Disaster Recovery - What Will You Do When Your Drupal Site Really Breaks?
Disasters Happen - It's Just a Question of When
Spurred by a completely broken server at one of our clients we are re-evaluating our own backups and disaster recovery plans. As we all know, most people give little thought to backups, and even less to how to use them for recovery. In the meantime our servers quietly hum along and then act up at the most inopportune time. It is not a question whether a server will fail or not, it will - it is just a question of when it will fail and what you will do to recover from the failure.
Know the Risks
Your first line of defense is knowing your site, identifying single points of failure, and placing a probability on the failure. Then you figure out how much mitigation you need to reduce your exposure to risk.
Mitigate the Risk
Code and databases are most prone to break or otherwise get corrupted. Fortunately we have easy solutions in code repositories and backups. The harder problem is how you will make use of those tools to recover from a failure, but we will address this later. For now make sure you create backups on a regular basis and that at least some of these backups do not live on the same server. Also make sure that you have backups for everything, the server OS and its configuration, your site code and the database(s).

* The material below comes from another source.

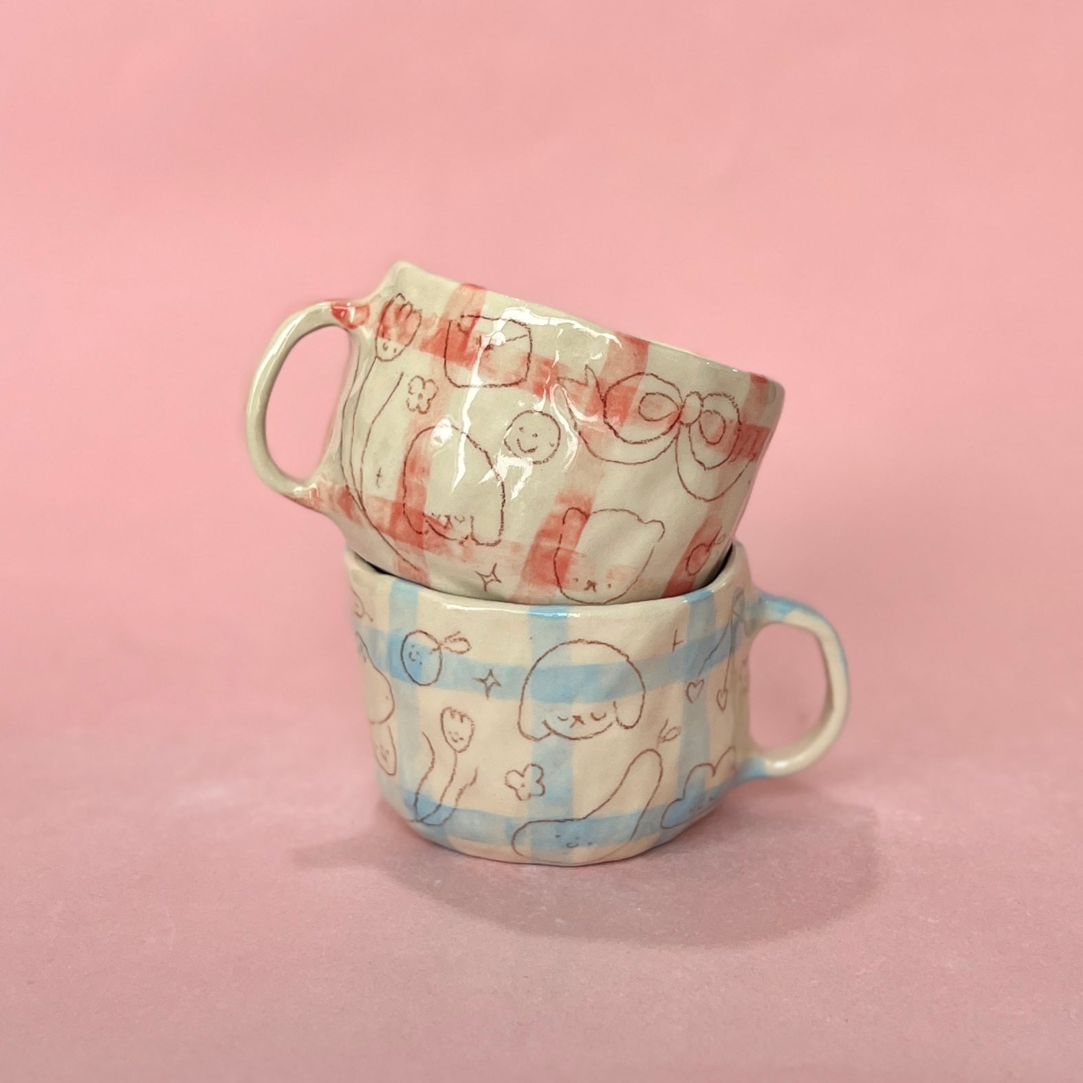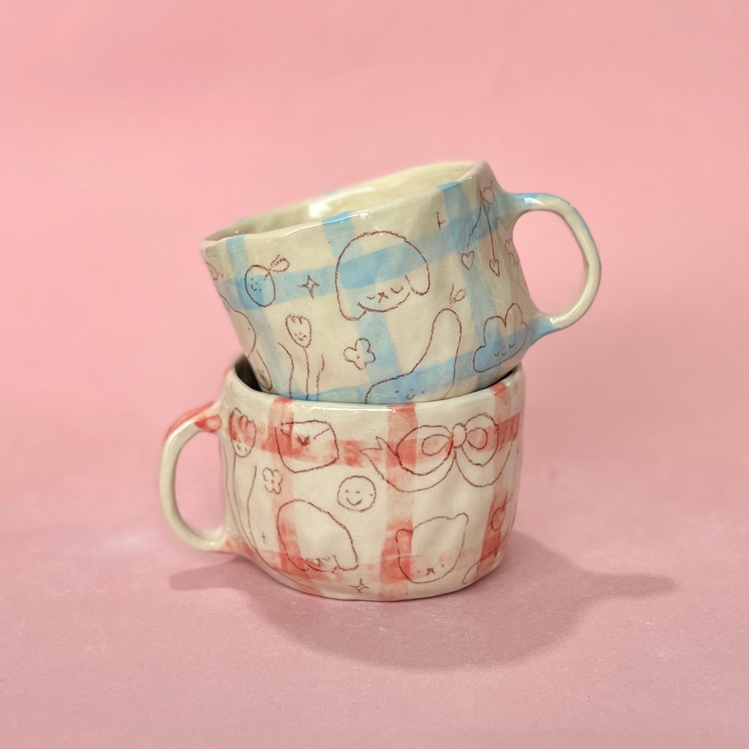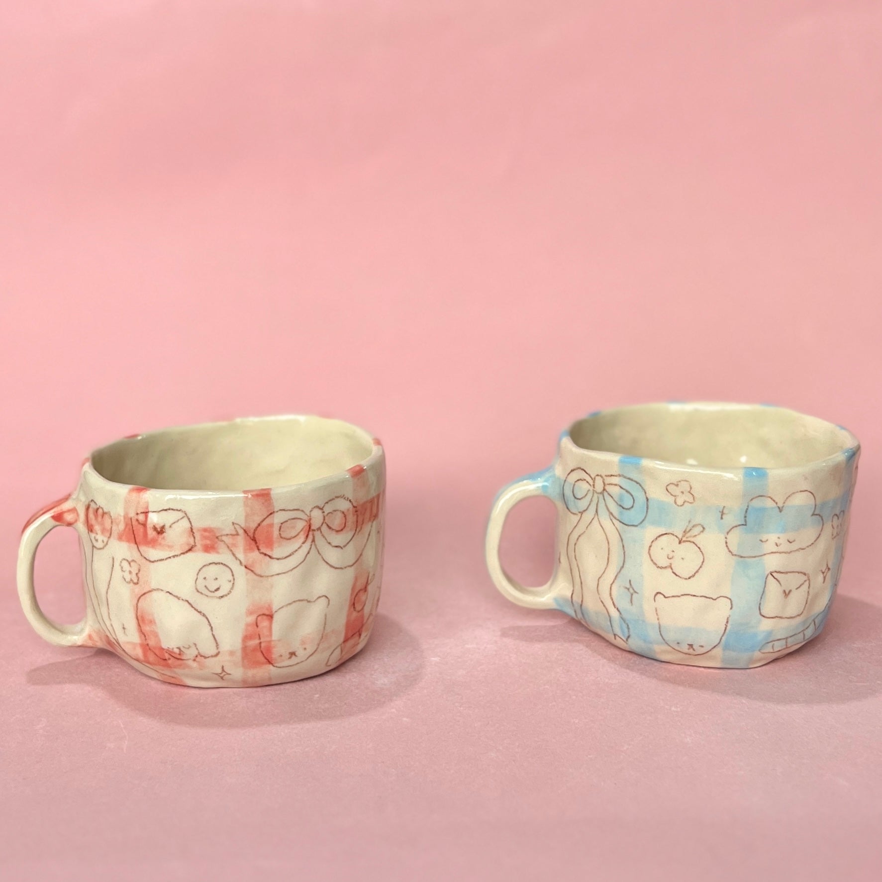 Gingham Scribble Mugs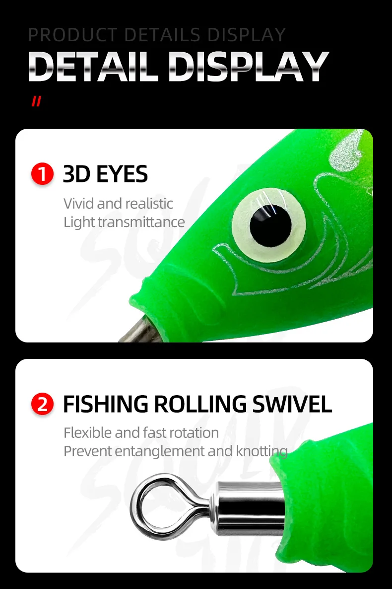 【Portabilidad conveniente】:Diseñado para facilitar su transporte, este cebo de pesca de pulpo y sepia es liviano y portátil, lo que permite a los entusiastas de la pesca llevarlo consigo dondequiera que vayan.Viene con una práctica cubierta de gancho para guardar ordenadamente el gancho en una caja de aparejos o mochila, protegiéndolo de lesiones accidentales.

The Importance of Offsite Backups
Or maybe we should rather call this "the importance of off-server backups". Regardless, you need to absolutely make sure most of the backups are not stored on the server itself. If the server crashes completely and takes its storage with it - believe me, it happens! I have seen it many times, most recently last week - you need those off server backups. So be absolutely sure there are backups elsewhere and recent enough for your comfort level. You will need them some day.

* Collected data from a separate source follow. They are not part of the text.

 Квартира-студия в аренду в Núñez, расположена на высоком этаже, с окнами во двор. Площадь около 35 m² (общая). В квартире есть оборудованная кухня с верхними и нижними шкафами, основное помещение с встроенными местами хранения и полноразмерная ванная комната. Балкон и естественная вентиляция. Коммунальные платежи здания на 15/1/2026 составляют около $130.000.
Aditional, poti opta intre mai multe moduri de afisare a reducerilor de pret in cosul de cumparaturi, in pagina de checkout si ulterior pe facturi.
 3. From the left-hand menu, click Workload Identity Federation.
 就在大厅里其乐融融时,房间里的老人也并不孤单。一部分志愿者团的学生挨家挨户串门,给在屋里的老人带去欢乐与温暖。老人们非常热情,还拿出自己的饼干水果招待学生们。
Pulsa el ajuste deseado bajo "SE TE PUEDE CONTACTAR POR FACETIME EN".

Develop a Recovery Procedure
Having backups and spare parts in hand is well and good, but you want to be able to do something with them. Moreover, when you need them you will be very stressed or worse, not be there yourself. You need a recovery procedure, fully documented and ready to go. Take your time with this, you will be glad you did. Make sure all steps are covered, that someone only vaguely familiar with the setup can understand it, and most importantly, that it contains information on how to access passwords and other security features in a secure manner.

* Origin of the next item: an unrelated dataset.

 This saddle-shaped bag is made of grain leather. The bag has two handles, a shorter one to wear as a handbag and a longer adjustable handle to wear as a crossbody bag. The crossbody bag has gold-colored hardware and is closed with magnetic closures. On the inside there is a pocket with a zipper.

Test the Integrity of Your Backups
Finally, you want to be sure you can actually get a server back with the help of your recovery procedure and necessary parts and backups. At the very least review the recovery procedure once or twice a year and check for accuracy given the current server configuration, and look through your backups to ensure they are readable and able to be unpacked. Better still is to perform the basic recovery steps and thus test whether it all works as planned.